> _Task objective_:
Please output exactly the lines below, starting at the line that has "David Holgate reported" and ending at the line that has "a modern nature", both included; leave out all pictures and include nothing else.

Stored items
/---

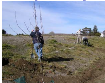
Who's that sleeping on the shovel

David Holgate reported that the tree planting at Rotary Oval went ahead last Saturday, however they dug more holes than they had trees, therefore more trees are required.
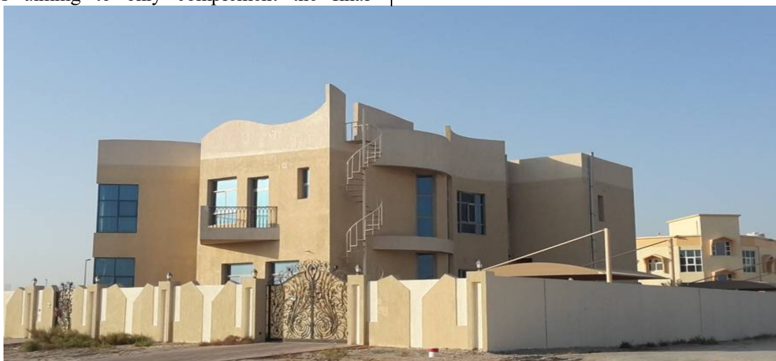
Figure "2": A villa of a modern nature
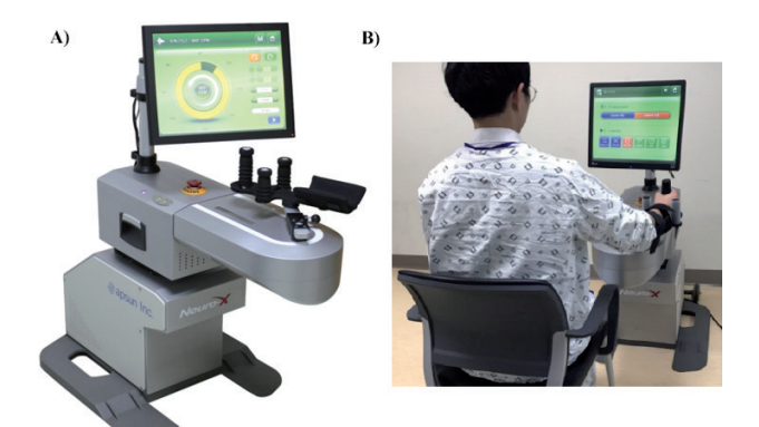
Fig. 1. (A) The newly developed upper extremity training system (Neuro-X®; Apsun Inc., Seoul, Korea) consists of a game monitor and an upper limb exercise plate. (B) Subjects were seated comfortably in a chair in front of the robot. The hemiplegic upper extremity was attached to the arm support located at the end of the device.

During the robot-assisted upper extremity rehabilitation treatment with the newly developed robot-aided upper extremity training system (Neuro-X<sup>®</sup>) (Fig. 1A), subjects were seated
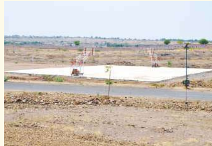
Constructed Basket Ball court
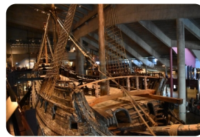
Vasa Shipwreck Museum

\---

> _Response for this exercise_:
David Holgate reported that the tree planting at Rotary Oval went ahead last Saturday, however they dug more holes than they had trees, therefore more trees are required.
Figure "2": A villa of a modern nature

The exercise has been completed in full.